Required work →
Copy each line of the listing below exactly and drop the images.

Source data →
○ ○ ○ ○
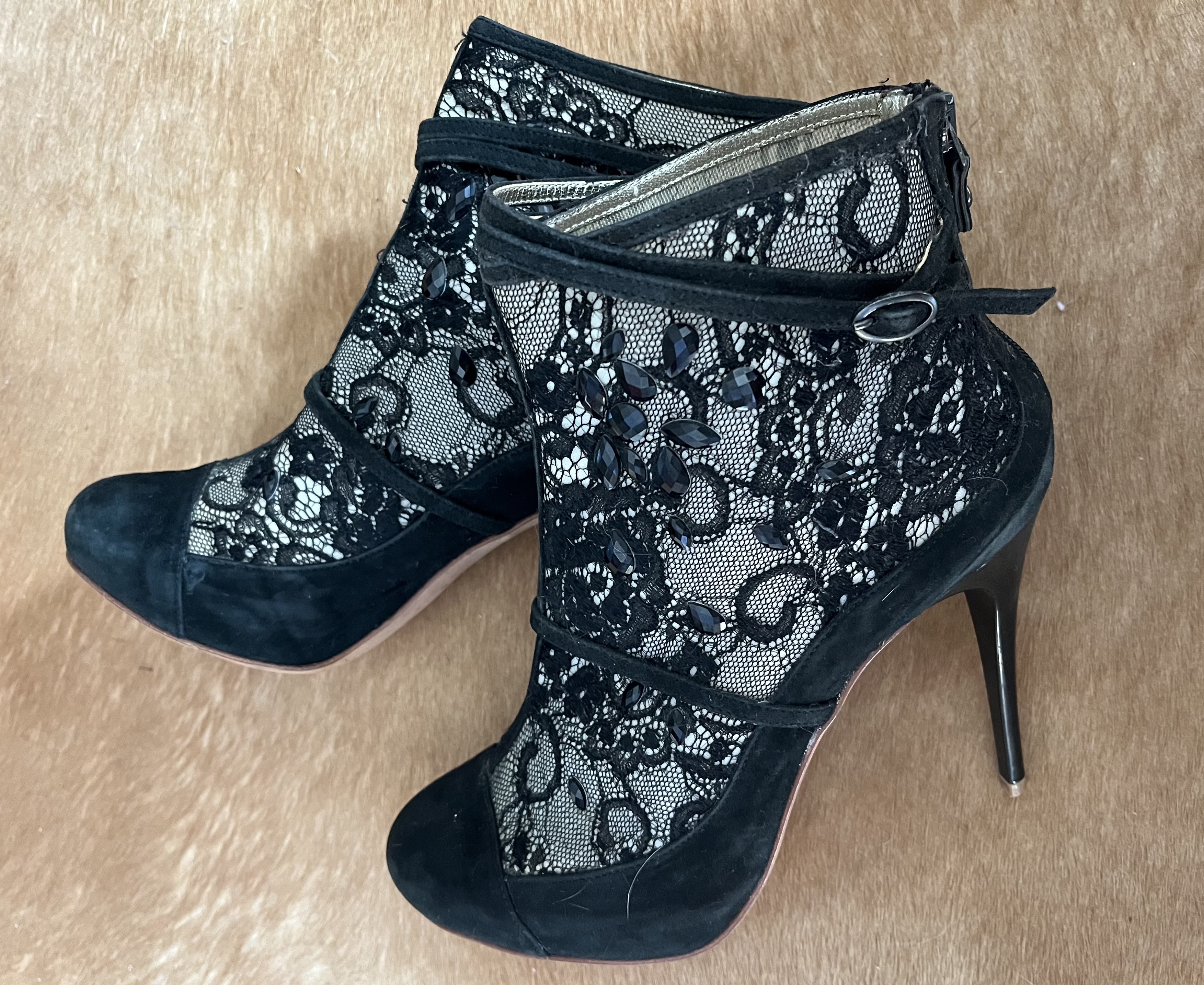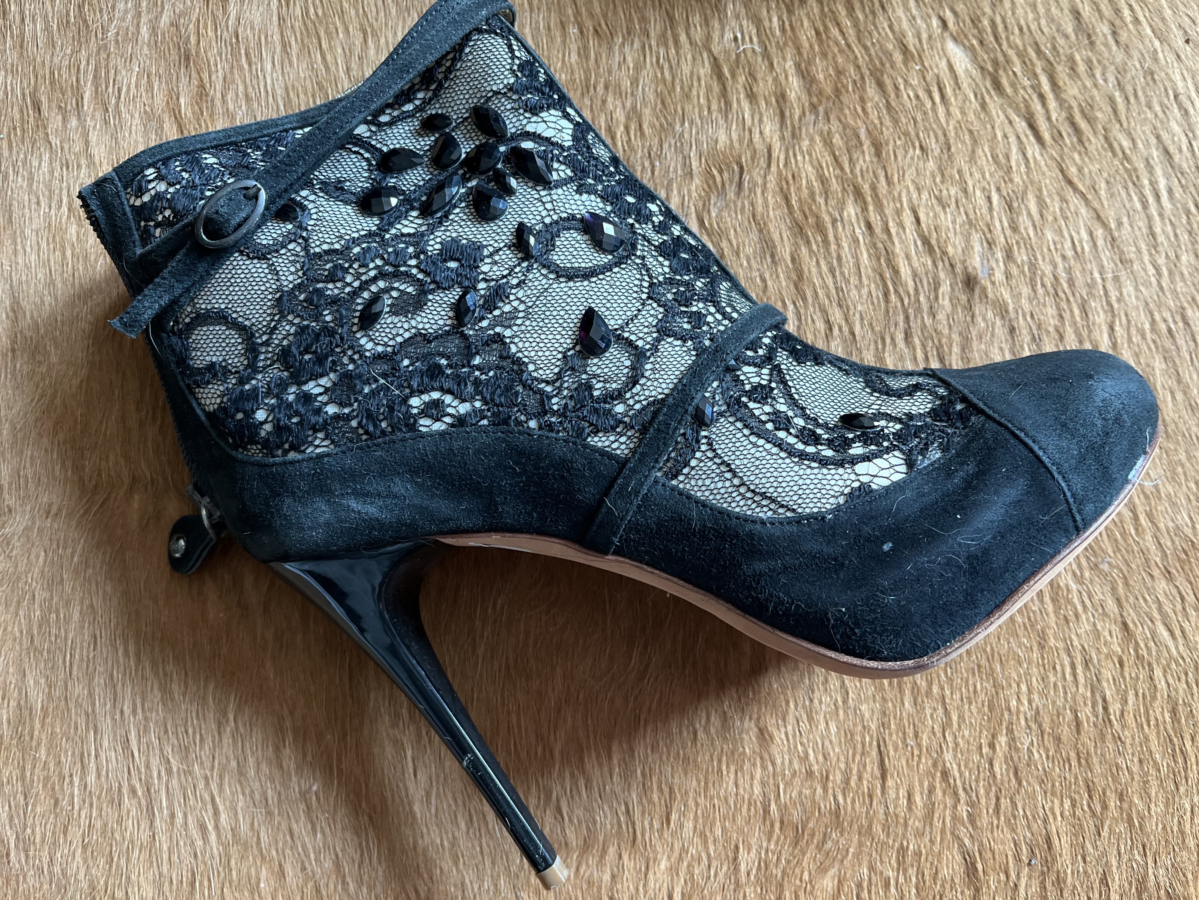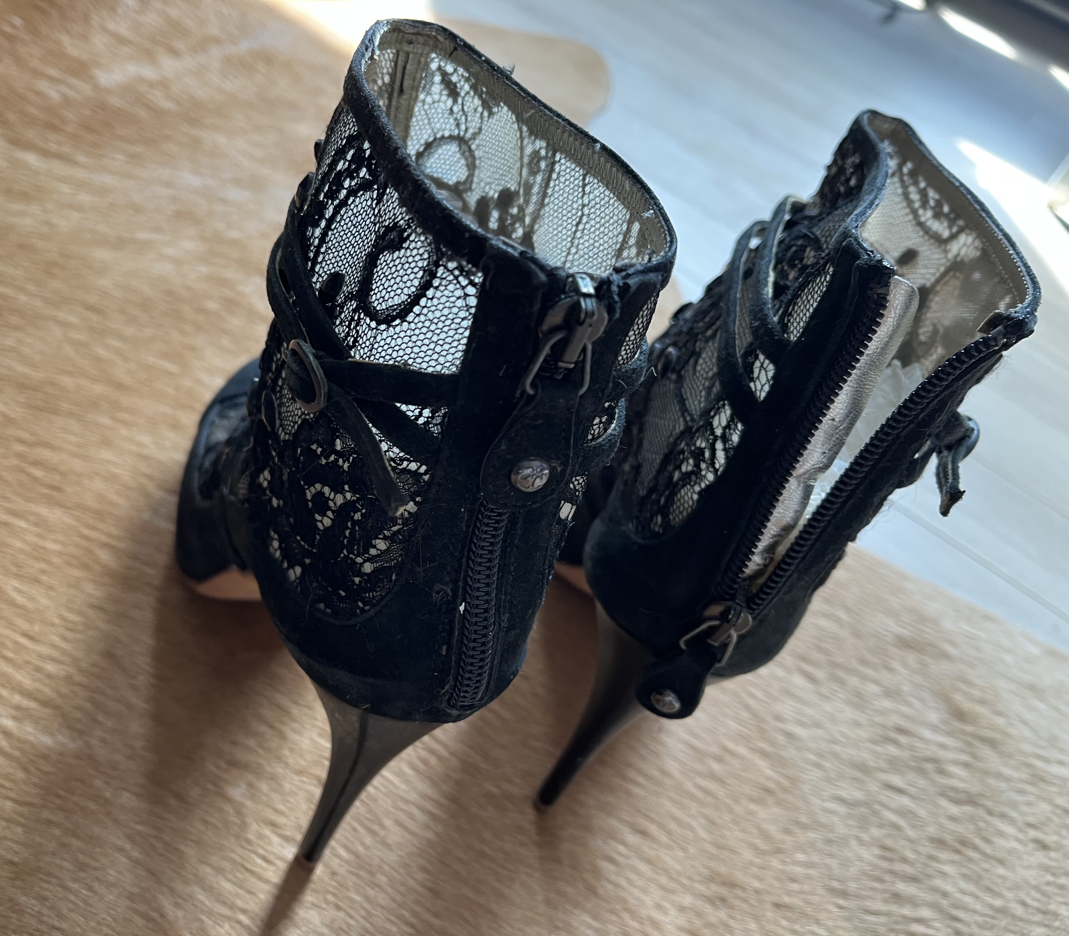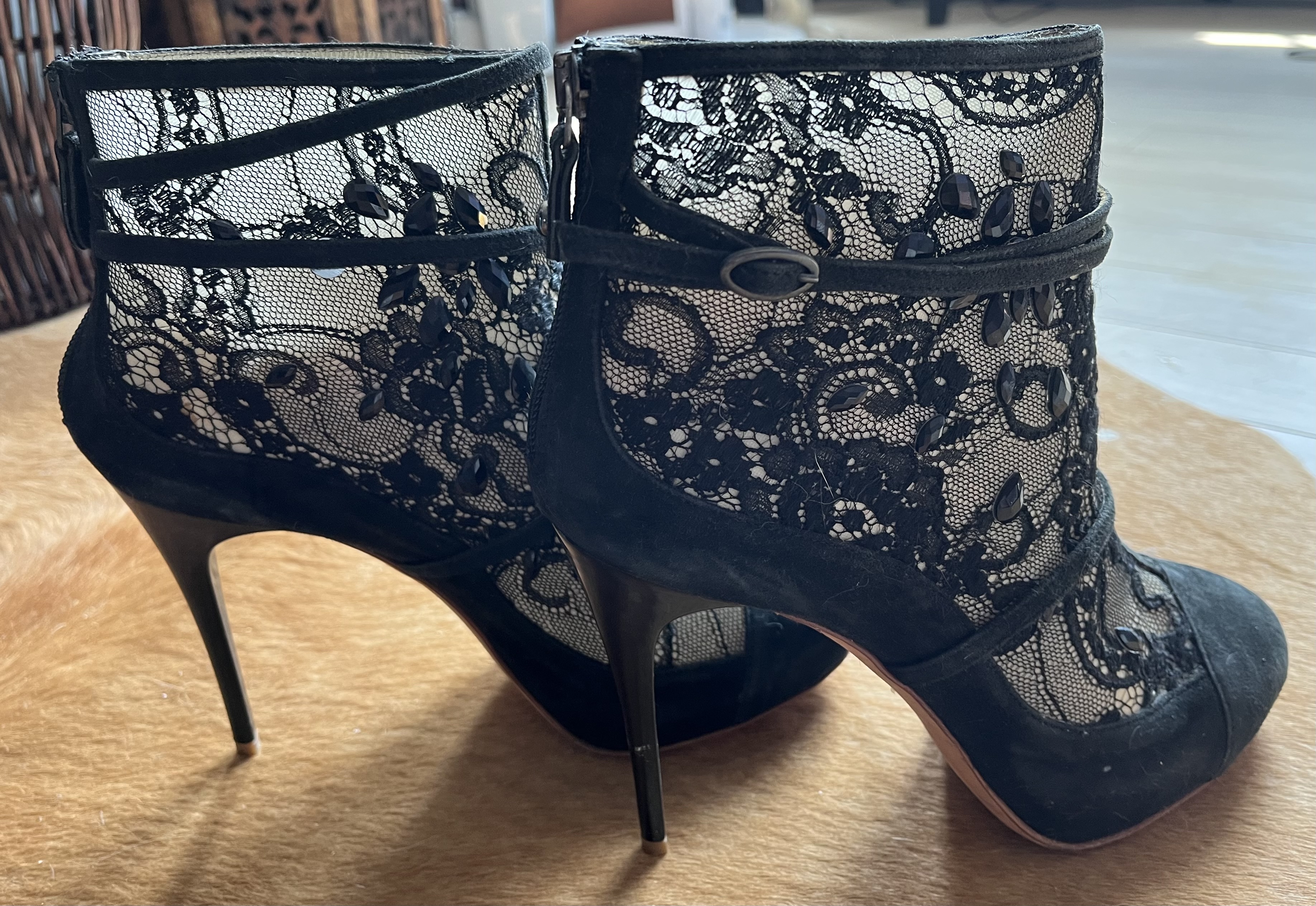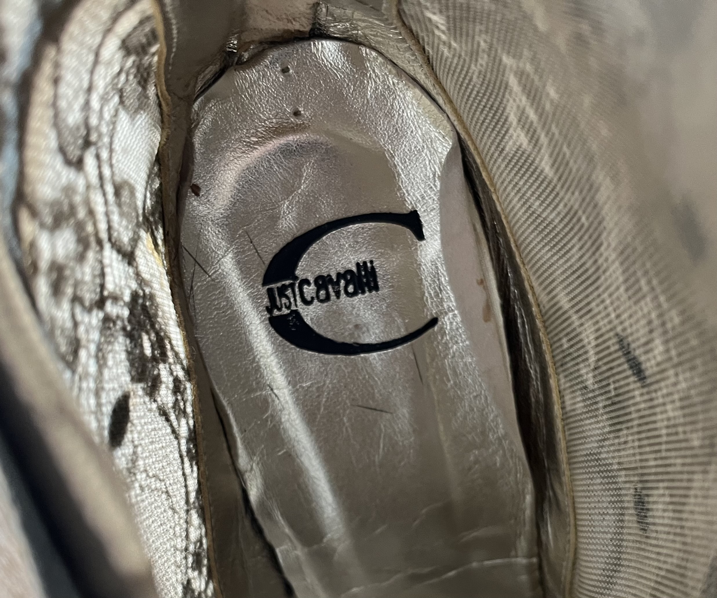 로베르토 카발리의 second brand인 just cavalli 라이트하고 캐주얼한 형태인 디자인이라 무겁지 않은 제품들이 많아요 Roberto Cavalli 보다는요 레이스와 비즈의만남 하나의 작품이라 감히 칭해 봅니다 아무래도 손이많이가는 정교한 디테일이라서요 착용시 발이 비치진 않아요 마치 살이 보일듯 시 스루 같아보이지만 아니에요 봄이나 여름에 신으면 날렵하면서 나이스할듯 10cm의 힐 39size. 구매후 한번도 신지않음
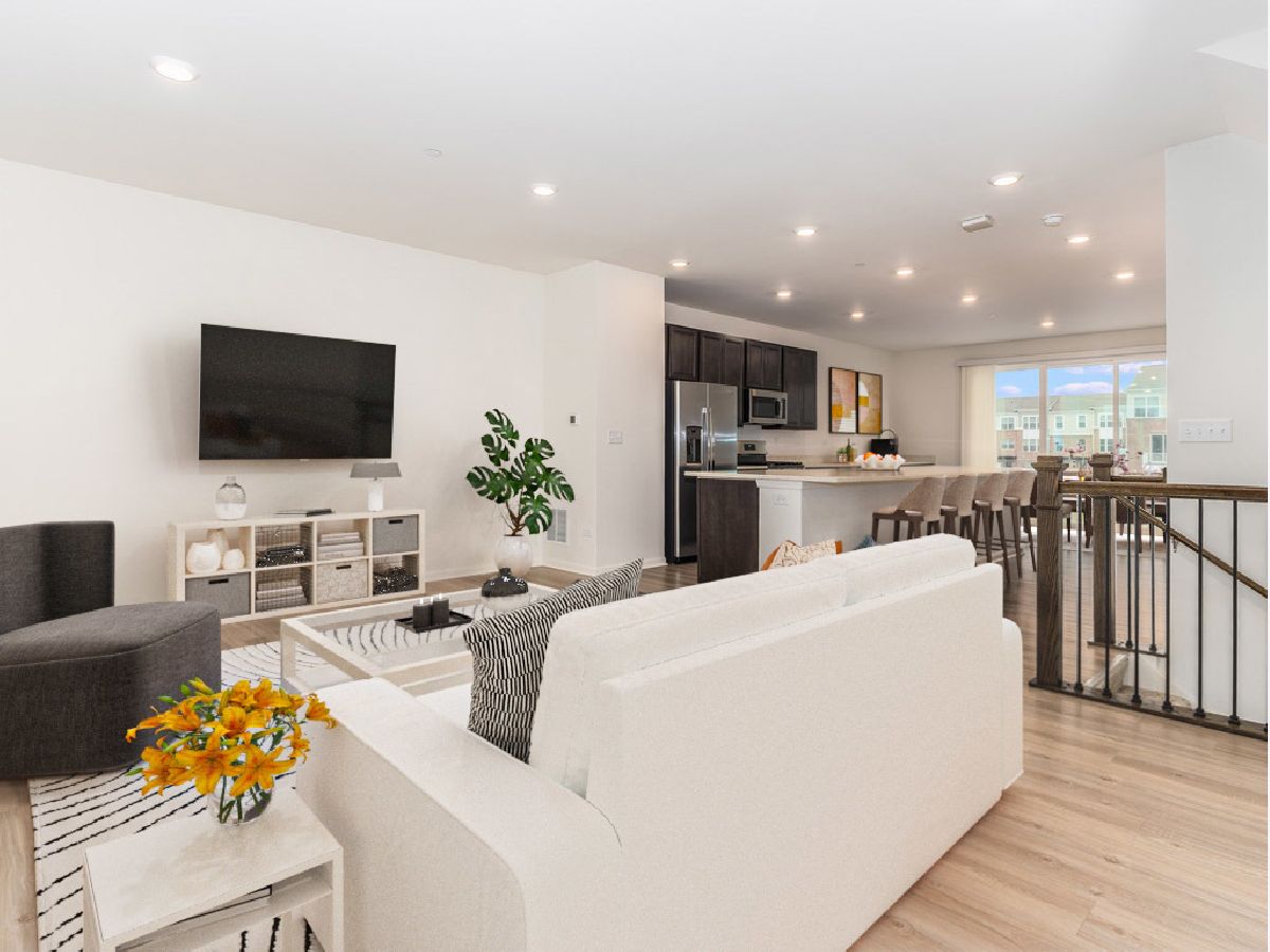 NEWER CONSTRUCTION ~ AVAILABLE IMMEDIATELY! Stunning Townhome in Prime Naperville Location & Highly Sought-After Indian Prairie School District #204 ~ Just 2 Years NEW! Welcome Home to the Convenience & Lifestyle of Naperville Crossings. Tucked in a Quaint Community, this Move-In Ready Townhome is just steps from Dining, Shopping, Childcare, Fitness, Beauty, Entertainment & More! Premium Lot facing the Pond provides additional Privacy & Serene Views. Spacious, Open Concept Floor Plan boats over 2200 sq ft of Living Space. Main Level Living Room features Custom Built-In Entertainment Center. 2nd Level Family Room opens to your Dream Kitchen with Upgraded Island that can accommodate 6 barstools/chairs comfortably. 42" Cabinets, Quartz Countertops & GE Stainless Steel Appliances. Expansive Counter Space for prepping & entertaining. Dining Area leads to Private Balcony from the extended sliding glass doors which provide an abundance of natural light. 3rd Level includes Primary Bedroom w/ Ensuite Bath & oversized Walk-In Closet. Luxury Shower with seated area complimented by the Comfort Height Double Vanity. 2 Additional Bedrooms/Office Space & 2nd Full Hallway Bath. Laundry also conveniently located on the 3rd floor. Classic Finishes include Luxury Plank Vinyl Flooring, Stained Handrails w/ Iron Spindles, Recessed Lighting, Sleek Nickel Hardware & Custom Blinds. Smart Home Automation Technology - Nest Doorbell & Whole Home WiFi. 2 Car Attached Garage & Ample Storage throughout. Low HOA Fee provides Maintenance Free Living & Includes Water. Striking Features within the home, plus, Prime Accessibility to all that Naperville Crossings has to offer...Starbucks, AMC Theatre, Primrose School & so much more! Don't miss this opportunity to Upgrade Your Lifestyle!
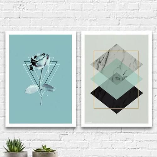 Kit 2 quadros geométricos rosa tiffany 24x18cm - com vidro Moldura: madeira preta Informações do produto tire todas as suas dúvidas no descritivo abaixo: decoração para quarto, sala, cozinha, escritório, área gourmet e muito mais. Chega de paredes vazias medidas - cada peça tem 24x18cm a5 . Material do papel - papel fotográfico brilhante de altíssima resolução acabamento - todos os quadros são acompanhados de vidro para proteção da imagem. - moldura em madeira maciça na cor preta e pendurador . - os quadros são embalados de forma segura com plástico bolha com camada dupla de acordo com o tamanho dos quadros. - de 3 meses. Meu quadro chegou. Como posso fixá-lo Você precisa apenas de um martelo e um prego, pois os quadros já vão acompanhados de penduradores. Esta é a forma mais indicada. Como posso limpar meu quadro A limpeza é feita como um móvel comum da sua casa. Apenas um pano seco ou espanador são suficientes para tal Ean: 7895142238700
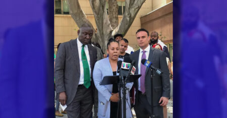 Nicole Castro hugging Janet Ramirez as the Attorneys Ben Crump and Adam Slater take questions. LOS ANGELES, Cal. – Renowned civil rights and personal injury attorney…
○ ○ ○ ○
Response to this exercise →
 로베르토 카발리의 second brand인 just cavalli 라이트하고 캐주얼한 형태인 디자인이라 무겁지 않은 제품들이 많아요 Roberto Cavalli 보다는요 레이스와 비즈의만남 하나의 작품이라 감히 칭해 봅니다 아무래도 손이많이가는 정교한 디테일이라서요 착용시 발이 비치진 않아요 마치 살이 보일듯 시 스루 같아보이지만 아니에요 봄이나 여름에 신으면 날렵하면서 나이스할듯 10cm의 힐 39size. 구매후 한번도 신지않음
 NEWER CONSTRUCTION ~ AVAILABLE IMMEDIATELY! Stunning Townhome in Prime Naperville Location & Highly Sought-After Indian Prairie School District #204 ~ Just 2 Years NEW! Welcome Home to the Convenience & Lifestyle of Naperville Crossings. Tucked in a Quaint Community, this Move-In Ready Townhome is just steps from Dining, Shopping, Childcare, Fitness, Beauty, Entertainment & More! Premium Lot facing the Pond provides additional Privacy & Serene Views. Spacious, Open Concept Floor Plan boats over 2200 sq ft of Living Space. Main Level Living Room features Custom Built-In Entertainment Center. 2nd Level Family Room opens to your Dream Kitchen with Upgraded Island that can accommodate 6 barstools/chairs comfortably. 42" Cabinets, Quartz Countertops & GE Stainless Steel Appliances. Expansive Counter Space for prepping & entertaining. Dining Area leads to Private Balcony from the extended sliding glass doors which provide an abundance of natural light. 3rd Level includes Primary Bedroom w/ Ensuite Bath & oversized Walk-In Closet. Luxury Shower with seated area complimented by the Comfort Height Double Vanity. 2 Additional Bedrooms/Office Space & 2nd Full Hallway Bath. Laundry also conveniently located on the 3rd floor. Classic Finishes include Luxury Plank Vinyl Flooring, Stained Handrails w/ Iron Spindles, Recessed Lighting, Sleek Nickel Hardware & Custom Blinds. Smart Home Automation Technology - Nest Doorbell & Whole Home WiFi. 2 Car Attached Garage & Ample Storage throughout. Low HOA Fee provides Maintenance Free Living & Includes Water. Striking Features within the home, plus, Prime Accessibility to all that Naperville Crossings has to offer...Starbucks, AMC Theatre, Primrose School & so much more! Don't miss this opportunity to Upgrade Your Lifestyle!
 Kit 2 quadros geométricos rosa tiffany 24x18cm - com vidro Moldura: madeira preta Informações do produto tire todas as suas dúvidas no descritivo abaixo: decoração para quarto, sala, cozinha, escritório, área gourmet e muito mais. Chega de paredes vazias medidas - cada peça tem 24x18cm a5 . Material do papel - papel fotográfico brilhante de altíssima resolução acabamento - todos os quadros são acompanhados de vidro para proteção da imagem. - moldura em madeira maciça na cor preta e pendurador . - os quadros são embalados de forma segura com plástico bolha com camada dupla de acordo com o tamanho dos quadros. - de 3 meses. Meu quadro chegou. Como posso fixá-lo Você precisa apenas de um martelo e um prego, pois os quadros já vão acompanhados de penduradores. Esta é a forma mais indicada. Como posso limpar meu quadro A limpeza é feita como um móvel comum da sua casa. Apenas um pano seco ou espanador são suficientes para tal Ean: 7895142238700
 Nicole Castro hugging Janet Ramirez as the Attorneys Ben Crump and Adam Slater take questions. LOS ANGELES, Cal. – Renowned civil rights and personal injury attorney…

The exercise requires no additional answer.